The FOI Research Institute is subordinate to the Swedish Ministry of Defense. In 2013, its experts were involved in a UN investigation into the use of poison gas in Syrian Ghouta, a suburb of Damascus. Scientists then said they were able to confirm the use of sarin.

44-year-old Navalny lost consciousness on the Tomsk-Moscow plane on August 20. Russian doctors put him into an artificial coma. Two days later, the patient was transported to a clinic in Berlin. Her experts said that the Russian was poisoned with cholinesterase inhibitors. Military toxicologists determined that a substance from the Novichok group was used as the poison.

After that, Germany sent Navalny's samples to Swedish and French laboratories. The French Institute also confirmed these findings. It was reported that French President Emmanuel Macron called Russian President Vladimir Putin to personally report the results of the study.

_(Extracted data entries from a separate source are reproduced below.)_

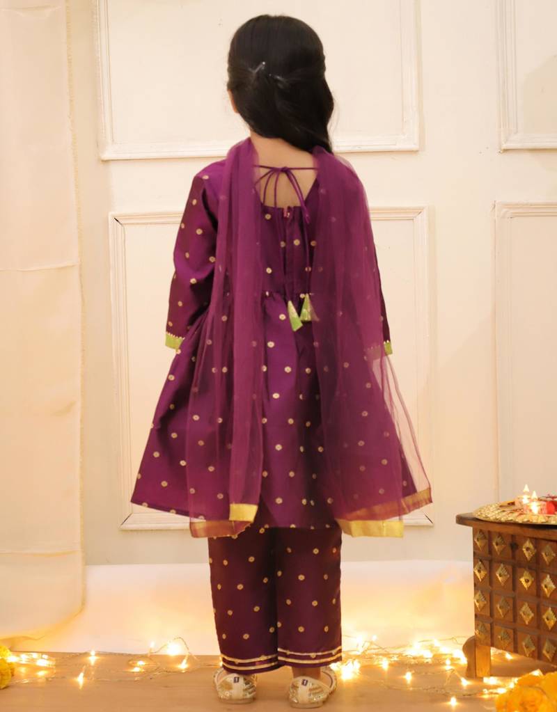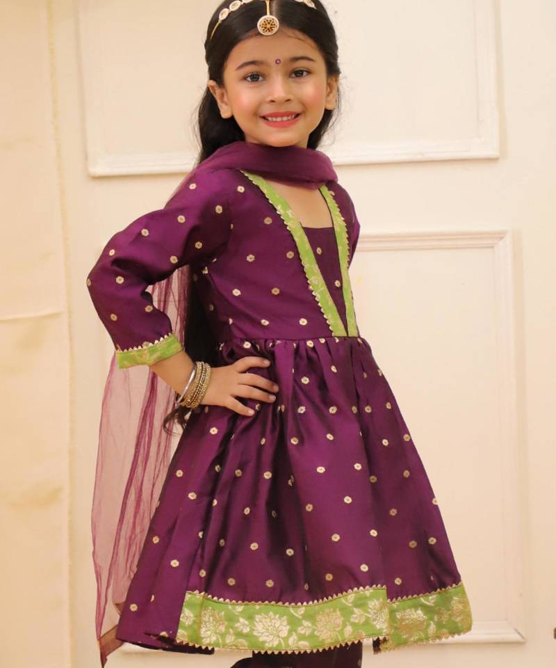 | Product Name | Purple Woven Taffeta Anarkali Pant With Dupatta Set For Girls | |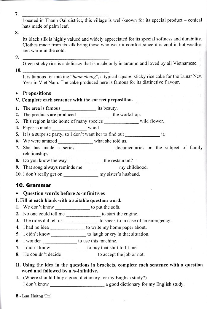 Bài tập dành cho mỗi đơn vị bài học gồm 6 phần: Phonunciation, Vocabulary, Grammar, Speaking, Reading, Writing và một bài ôn tập dưới dạng Test gồm 50 câu hỏi kiểm tra với bài tập phát triển kỹ năng trên.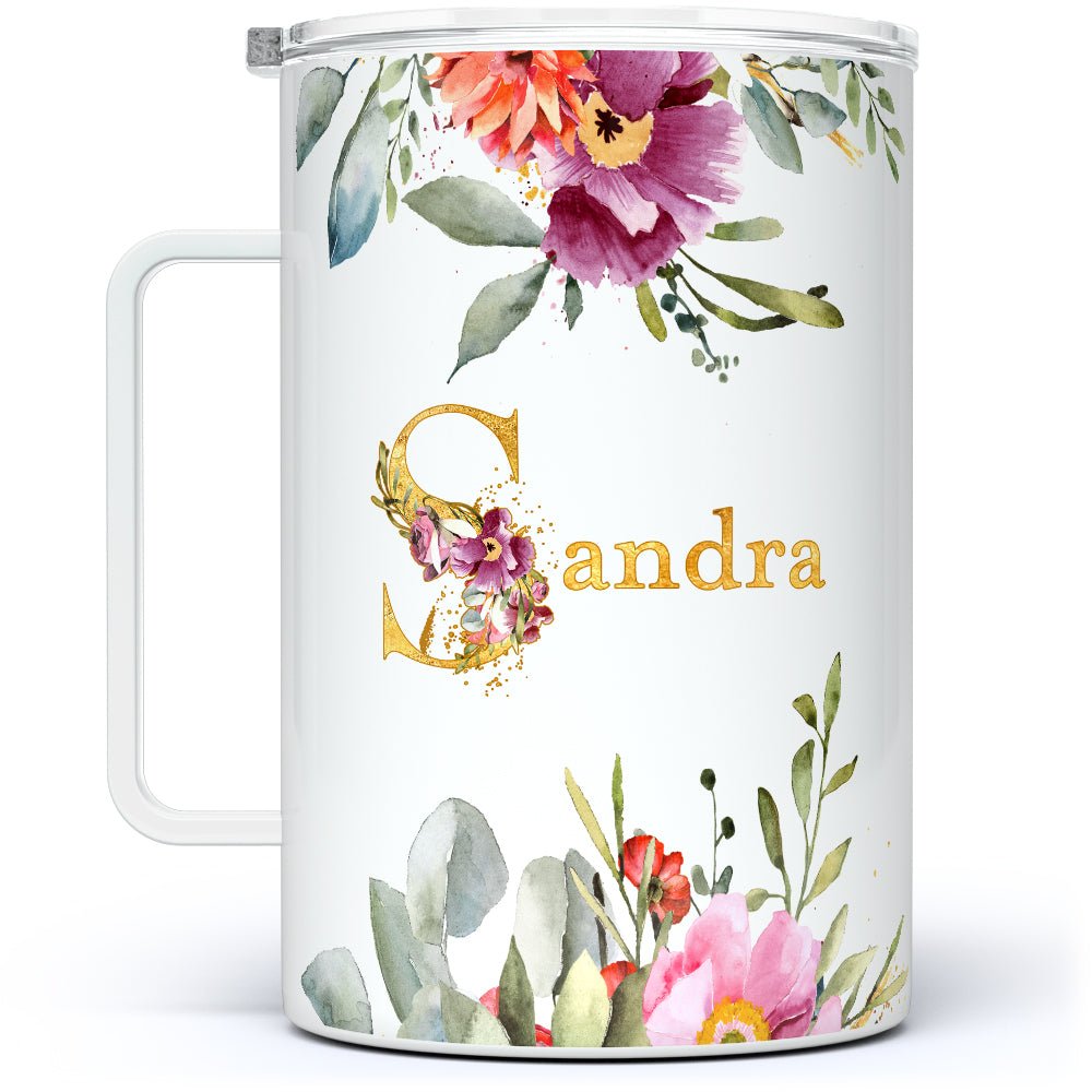 Personalized Name Floral Insulated Travel Mug - Loftipop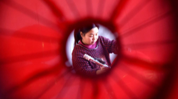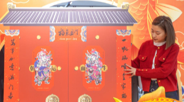 1月16日,市民在河北省群众艺术馆参观迎新春民俗文化展。

The international community is demanding that Moscow investigate what happened to Navalny. To which the Kremlin representatives report that while the oppositionist was on the territory of the Russian Federation, no poisons were found in his body. Moscow demands from Berlin to provide the data that became the basis for conclusions about the poisoning.

In turn, Germany emphasizes that without the approval of Navalny himself, Berlin cannot transfer the research results to Moscow, because they belong to the category of personal data. And the patient did not give such consent.

Earlier, German Foreign Minister Heiko Maas said that Germany sees many signs of Russia's involvement in the poisoning of an opposition politician, wrote.